Records from a data source:

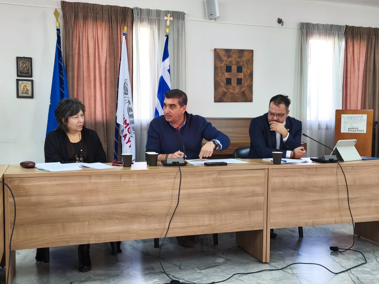 Από την πλευρά του Δήμου Επιδαύρου συμμετείχαν ο αντιδήμαρχος Καθαριότητας, Περιβάλλοντος και Καθημερινότητας του Πολίτη Μιχαήλ Κίνας, ο αντιδήμαρχος Οικονομικών, διοικητικής Αναπλήρωσης και Εποπτείας Δημοτικής Λειτουργίας Χρήστος Μαγγέλης, ο αντιδήμαρχος Τεχνικών Έργων Δημοτικής Ενότητας Ασκληπιείου και Τουρισμού Κωνσταντίνος Γαλάνης,ο πρόεδρος Κοινότητας Νέας Επιδαύρου Παναγιώτης Παπαργύρης, ο δημοτικός σύμβουλος–εντεταλμένος σύμβουλος Αγροτικής Οδοποιίας και Μηχανημάτων Έργου Ηλίας Μαργιόλας και ο πρόεδρος ΔΕΥΑ Επιδαύρου Γεώργιος Παύλου.
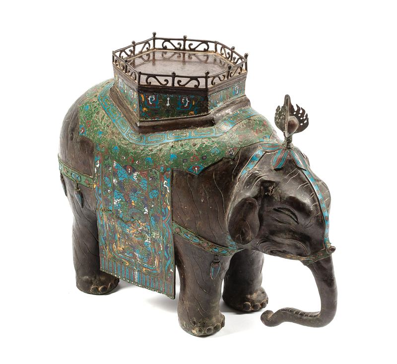 A Chinese Patinated Bronze and Cloisonne Figure of an Elephant
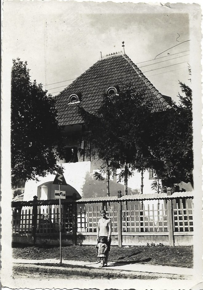 Reclamă la anvelopele Goodyear pe stâlpul indicatorului rutier, Poiana Țapului, perioada interbelică.
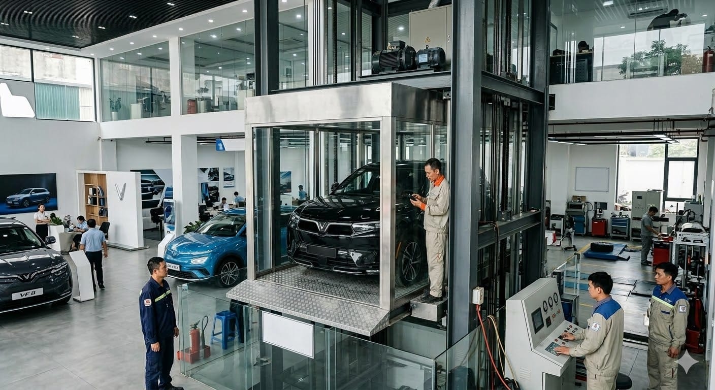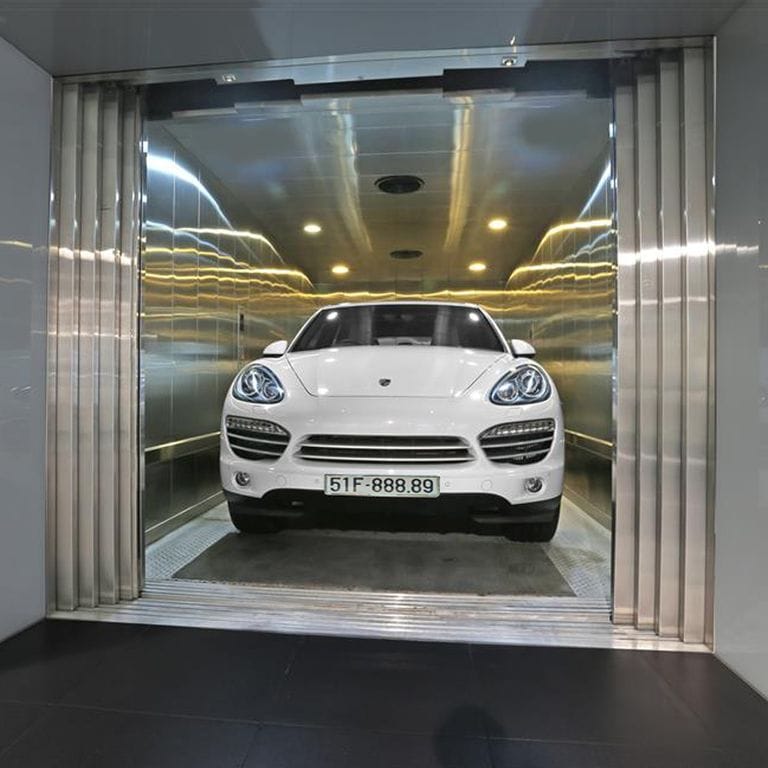Thang tải Ô tô có khả năng chịu được trọng tải lớn, chuyên nâng tải Ô tô từ tầng hầm lên xuống tầng trên trong nhà máy, xí nghiệp, nhà hàng, khách sạn, các khu công nghiệp,…
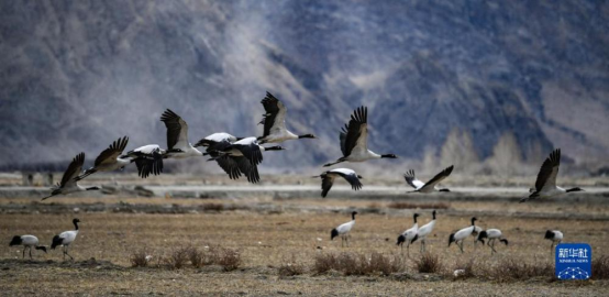 在西藏雅鲁藏布江中游河谷黑颈鹤国家级自然保护区日喀则片区拉孜县附近,大量越冬的黑颈鹤翩翩起舞,迎接春天的到来。
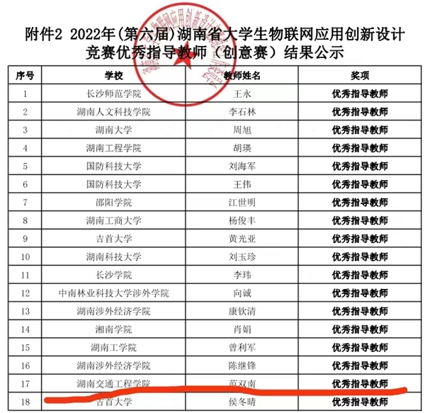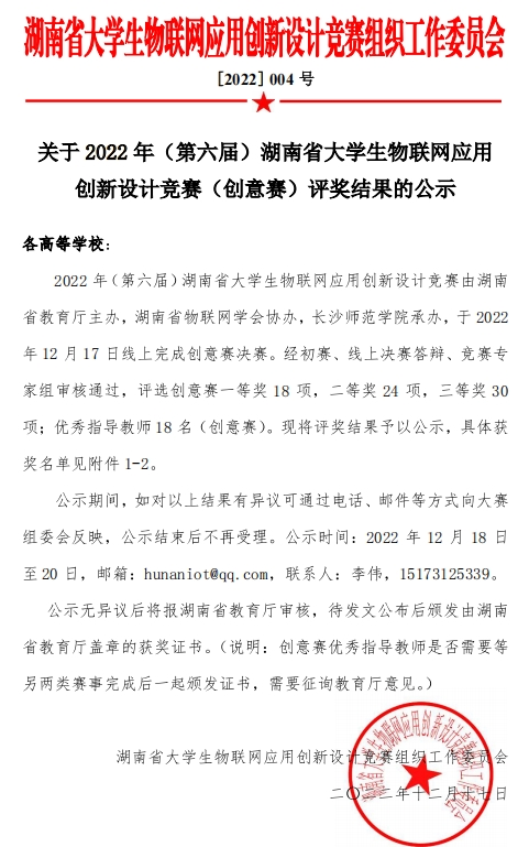 近日,2022年(第六届)湖南省大学生物联网应用创新设计竞赛获奖名单公布。该项赛事于2022年12月17日线上完成创意赛决赛。经初赛、线上决赛答辩、竞赛专家组审核通过,评选创意赛一等奖18项、二等奖24项、三等奖30项;同时评出2022年(第六届)湖南省大学生物联网应用创新设计竞赛优秀指导教师18名(创意赛)。

= Assignment =
Each line in the records above should be reproduced exactly; images are not copied.

= Task answer =
 Από την πλευρά του Δήμου Επιδαύρου συμμετείχαν ο αντιδήμαρχος Καθαριότητας, Περιβάλλοντος και Καθημερινότητας του Πολίτη Μιχαήλ Κίνας, ο αντιδήμαρχος Οικονομικών, διοικητικής Αναπλήρωσης και Εποπτείας Δημοτικής Λειτουργίας Χρήστος Μαγγέλης, ο αντιδήμαρχος Τεχνικών Έργων Δημοτικής Ενότητας Ασκληπιείου και Τουρισμού Κωνσταντίνος Γαλάνης,ο πρόεδρος Κοινότητας Νέας Επιδαύρου Παναγιώτης Παπαργύρης, ο δημοτικός σύμβουλος–εντεταλμένος σύμβουλος Αγροτικής Οδοποιίας και Μηχανημάτων Έργου Ηλίας Μαργιόλας και ο πρόεδρος ΔΕΥΑ Επιδαύρου Γεώργιος Παύλου.
 A Chinese Patinated Bronze and Cloisonne Figure of an Elephant
 Reclamă la anvelopele Goodyear pe stâlpul indicatorului rutier, Poiana Țapului, perioada interbelică.
Thang tải Ô tô có khả năng chịu được trọng tải lớn, chuyên nâng tải Ô tô từ tầng hầm lên xuống tầng trên trong nhà máy, xí nghiệp, nhà hàng, khách sạn, các khu công nghiệp,…
 在西藏雅鲁藏布江中游河谷黑颈鹤国家级自然保护区日喀则片区拉孜县附近,大量越冬的黑颈鹤翩翩起舞,迎接春天的到来。
 近日,2022年(第六届)湖南省大学生物联网应用创新设计竞赛获奖名单公布。该项赛事于2022年12月17日线上完成创意赛决赛。经初赛、线上决赛答辩、竞赛专家组审核通过,评选创意赛一等奖18项、二等奖24项、三等奖30项;同时评出2022年(第六届)湖南省大学生物联网应用创新设计竞赛优秀指导教师18名(创意赛)。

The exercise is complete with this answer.